--- Exercise ---
From the listing below, restate word for word the lines from the line containing "Essager USB C" down through the line containing "政協珠海市委員會主席陳洪輝先生為楊以斌創會會長、永遠榮譽會長頒發委任狀". Exclude pictures.

--- Task material ---

▬▬▬

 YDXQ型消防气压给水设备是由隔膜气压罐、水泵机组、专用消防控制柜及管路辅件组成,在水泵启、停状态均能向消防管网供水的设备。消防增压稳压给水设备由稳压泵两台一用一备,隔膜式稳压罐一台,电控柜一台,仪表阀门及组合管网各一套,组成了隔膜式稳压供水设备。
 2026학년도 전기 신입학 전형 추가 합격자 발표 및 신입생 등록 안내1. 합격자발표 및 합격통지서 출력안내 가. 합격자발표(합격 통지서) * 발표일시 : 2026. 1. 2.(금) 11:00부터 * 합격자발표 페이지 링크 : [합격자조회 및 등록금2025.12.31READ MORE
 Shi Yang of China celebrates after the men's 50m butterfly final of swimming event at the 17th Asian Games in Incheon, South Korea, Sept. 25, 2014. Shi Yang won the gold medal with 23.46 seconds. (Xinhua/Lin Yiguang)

▬▬▬

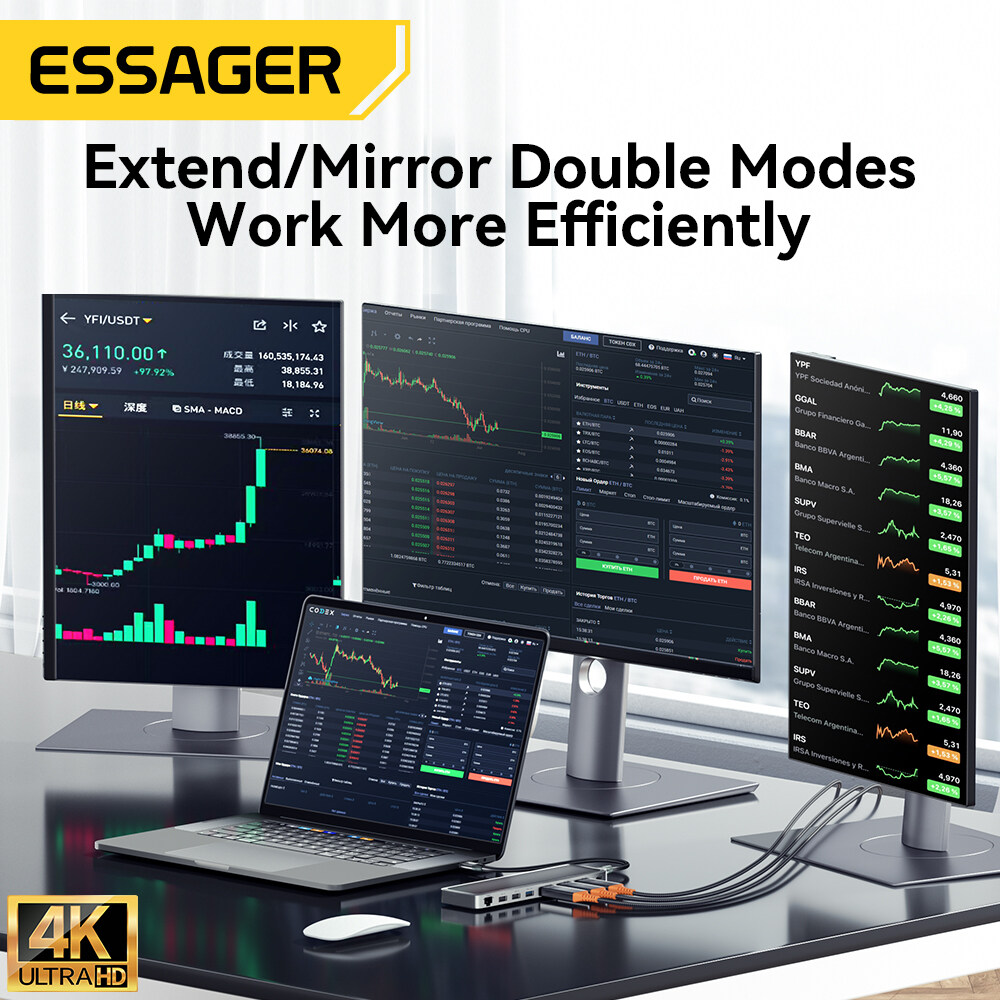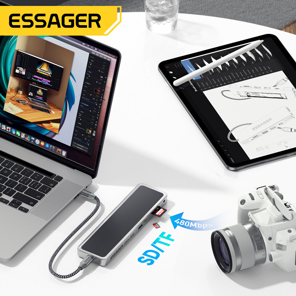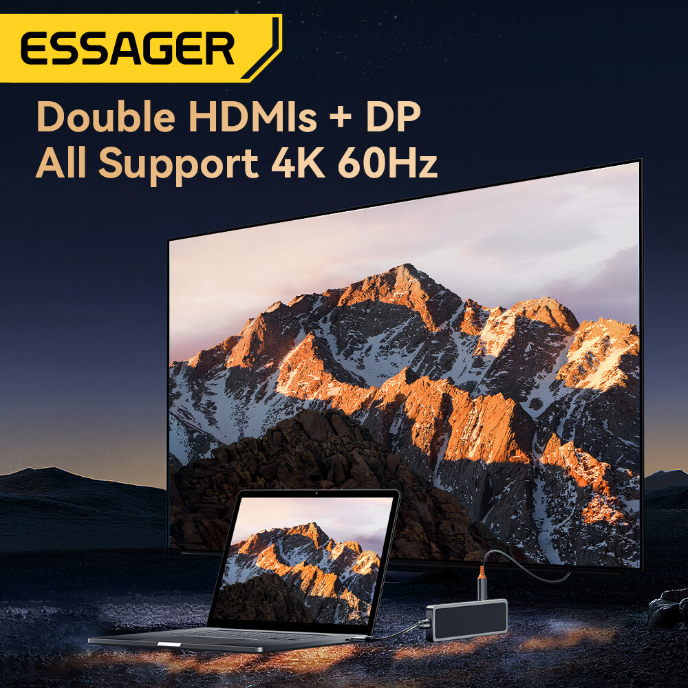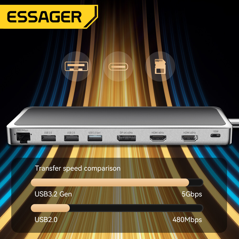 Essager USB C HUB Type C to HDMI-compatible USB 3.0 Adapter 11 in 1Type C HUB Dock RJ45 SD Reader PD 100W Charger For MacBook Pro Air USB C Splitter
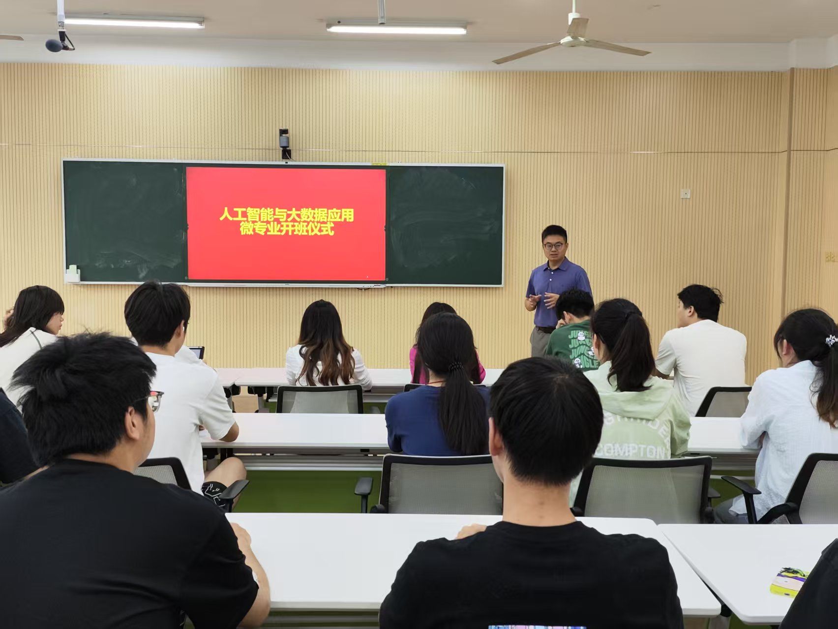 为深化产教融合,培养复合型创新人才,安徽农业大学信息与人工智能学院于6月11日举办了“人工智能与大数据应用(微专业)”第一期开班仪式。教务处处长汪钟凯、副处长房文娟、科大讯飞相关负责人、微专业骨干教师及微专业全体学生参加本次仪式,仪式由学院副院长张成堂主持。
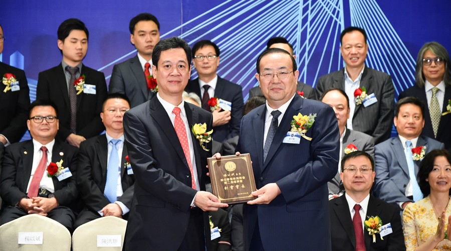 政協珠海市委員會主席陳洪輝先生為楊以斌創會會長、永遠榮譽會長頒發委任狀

▬▬▬

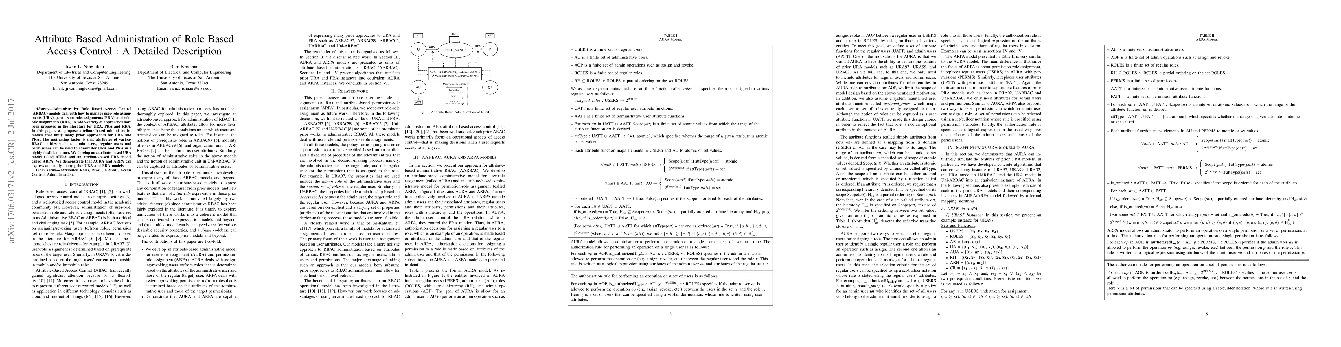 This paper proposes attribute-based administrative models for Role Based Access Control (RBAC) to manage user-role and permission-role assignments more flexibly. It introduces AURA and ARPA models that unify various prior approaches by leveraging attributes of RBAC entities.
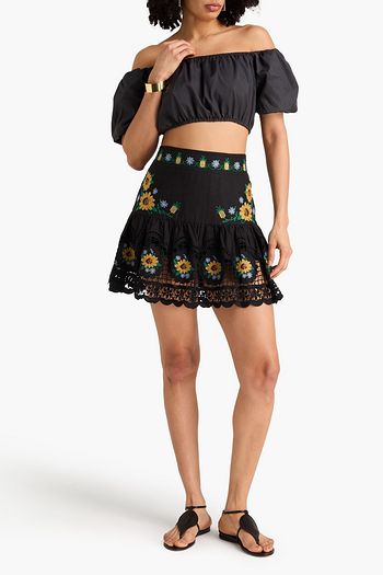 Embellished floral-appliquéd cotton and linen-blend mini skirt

▬▬▬

--- Answer ---
 Essager USB C HUB Type C to HDMI-compatible USB 3.0 Adapter 11 in 1Type C HUB Dock RJ45 SD Reader PD 100W Charger For MacBook Pro Air USB C Splitter
 为深化产教融合,培养复合型创新人才,安徽农业大学信息与人工智能学院于6月11日举办了“人工智能与大数据应用(微专业)”第一期开班仪式。教务处处长汪钟凯、副处长房文娟、科大讯飞相关负责人、微专业骨干教师及微专业全体学生参加本次仪式,仪式由学院副院长张成堂主持。
 政協珠海市委員會主席陳洪輝先生為楊以斌創會會長、永遠榮譽會長頒發委任狀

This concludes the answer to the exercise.